Source data
**********

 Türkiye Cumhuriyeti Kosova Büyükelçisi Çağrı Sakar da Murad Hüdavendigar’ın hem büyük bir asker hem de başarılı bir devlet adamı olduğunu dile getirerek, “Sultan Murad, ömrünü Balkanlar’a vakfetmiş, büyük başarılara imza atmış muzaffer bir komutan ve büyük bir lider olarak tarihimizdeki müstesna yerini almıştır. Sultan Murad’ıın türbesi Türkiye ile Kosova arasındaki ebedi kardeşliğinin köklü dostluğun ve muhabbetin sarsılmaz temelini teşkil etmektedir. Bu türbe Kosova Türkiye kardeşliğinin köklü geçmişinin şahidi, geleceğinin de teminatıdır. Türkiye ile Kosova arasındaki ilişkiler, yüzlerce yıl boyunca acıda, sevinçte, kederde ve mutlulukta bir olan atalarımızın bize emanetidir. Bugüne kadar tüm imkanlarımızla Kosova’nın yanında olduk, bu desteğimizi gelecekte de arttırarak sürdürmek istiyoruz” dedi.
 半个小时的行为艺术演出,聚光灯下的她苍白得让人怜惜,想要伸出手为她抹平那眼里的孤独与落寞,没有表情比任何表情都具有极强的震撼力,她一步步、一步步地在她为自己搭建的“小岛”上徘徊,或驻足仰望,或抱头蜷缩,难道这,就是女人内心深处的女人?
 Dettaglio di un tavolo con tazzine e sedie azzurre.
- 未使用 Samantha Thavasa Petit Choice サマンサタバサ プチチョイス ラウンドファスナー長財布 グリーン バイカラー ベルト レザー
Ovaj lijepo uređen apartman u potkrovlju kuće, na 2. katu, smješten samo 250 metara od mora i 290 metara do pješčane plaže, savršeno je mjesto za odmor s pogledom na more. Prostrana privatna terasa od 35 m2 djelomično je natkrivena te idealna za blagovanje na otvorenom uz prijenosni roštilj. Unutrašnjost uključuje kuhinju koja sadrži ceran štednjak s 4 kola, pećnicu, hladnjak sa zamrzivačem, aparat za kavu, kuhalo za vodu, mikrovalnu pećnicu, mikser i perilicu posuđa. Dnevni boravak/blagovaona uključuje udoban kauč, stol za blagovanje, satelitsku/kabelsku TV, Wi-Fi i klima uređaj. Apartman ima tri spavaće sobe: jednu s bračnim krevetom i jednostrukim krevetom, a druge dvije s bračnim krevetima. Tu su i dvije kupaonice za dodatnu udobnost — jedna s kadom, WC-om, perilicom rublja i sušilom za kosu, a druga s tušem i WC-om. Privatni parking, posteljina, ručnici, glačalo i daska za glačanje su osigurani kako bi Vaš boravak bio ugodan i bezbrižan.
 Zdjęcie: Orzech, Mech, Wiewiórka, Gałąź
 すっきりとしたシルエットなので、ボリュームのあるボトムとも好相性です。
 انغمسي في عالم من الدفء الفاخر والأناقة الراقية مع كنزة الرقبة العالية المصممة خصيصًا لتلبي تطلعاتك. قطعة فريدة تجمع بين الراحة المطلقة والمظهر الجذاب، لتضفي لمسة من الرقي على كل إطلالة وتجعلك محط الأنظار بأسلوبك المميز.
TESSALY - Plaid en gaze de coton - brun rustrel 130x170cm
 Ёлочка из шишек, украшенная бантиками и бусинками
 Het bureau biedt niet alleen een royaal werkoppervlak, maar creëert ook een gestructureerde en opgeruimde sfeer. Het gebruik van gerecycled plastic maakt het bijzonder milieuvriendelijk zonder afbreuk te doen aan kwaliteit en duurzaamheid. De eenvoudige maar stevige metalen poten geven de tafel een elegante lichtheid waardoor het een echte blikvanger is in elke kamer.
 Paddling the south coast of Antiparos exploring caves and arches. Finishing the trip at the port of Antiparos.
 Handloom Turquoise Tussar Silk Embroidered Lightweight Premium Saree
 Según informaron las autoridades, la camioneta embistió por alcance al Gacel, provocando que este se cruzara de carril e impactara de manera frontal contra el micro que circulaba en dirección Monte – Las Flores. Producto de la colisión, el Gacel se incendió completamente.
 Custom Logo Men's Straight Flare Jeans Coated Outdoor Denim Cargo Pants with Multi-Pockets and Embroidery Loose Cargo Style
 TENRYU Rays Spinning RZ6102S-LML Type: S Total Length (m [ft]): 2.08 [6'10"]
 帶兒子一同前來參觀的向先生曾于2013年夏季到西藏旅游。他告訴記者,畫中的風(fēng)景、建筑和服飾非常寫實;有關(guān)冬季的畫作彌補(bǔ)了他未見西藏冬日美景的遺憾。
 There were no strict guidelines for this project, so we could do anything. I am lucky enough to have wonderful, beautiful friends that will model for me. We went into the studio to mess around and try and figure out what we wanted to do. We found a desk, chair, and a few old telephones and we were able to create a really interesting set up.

**********

What you write must be the entries restated word for word, from the opening line through the one holding "- 未使用 Samantha", with nothing else.

 Türkiye Cumhuriyeti Kosova Büyükelçisi Çağrı Sakar da Murad Hüdavendigar’ın hem büyük bir asker hem de başarılı bir devlet adamı olduğunu dile getirerek, “Sultan Murad, ömrünü Balkanlar’a vakfetmiş, büyük başarılara imza atmış muzaffer bir komutan ve büyük bir lider olarak tarihimizdeki müstesna yerini almıştır. Sultan Murad’ıın türbesi Türkiye ile Kosova arasındaki ebedi kardeşliğinin köklü dostluğun ve muhabbetin sarsılmaz temelini teşkil etmektedir. Bu türbe Kosova Türkiye kardeşliğinin köklü geçmişinin şahidi, geleceğinin de teminatıdır. Türkiye ile Kosova arasındaki ilişkiler, yüzlerce yıl boyunca acıda, sevinçte, kederde ve mutlulukta bir olan atalarımızın bize emanetidir. Bugüne kadar tüm imkanlarımızla Kosova’nın yanında olduk, bu desteğimizi gelecekte de arttırarak sürdürmek istiyoruz” dedi.
 半个小时的行为艺术演出,聚光灯下的她苍白得让人怜惜,想要伸出手为她抹平那眼里的孤独与落寞,没有表情比任何表情都具有极强的震撼力,她一步步、一步步地在她为自己搭建的“小岛”上徘徊,或驻足仰望,或抱头蜷缩,难道这,就是女人内心深处的女人?
 Dettaglio di un tavolo con tazzine e sedie azzurre.
- 未使用 Samantha Thavasa Petit Choice サマンサタバサ プチチョイス ラウンドファスナー長財布 グリーン バイカラー ベルト レザー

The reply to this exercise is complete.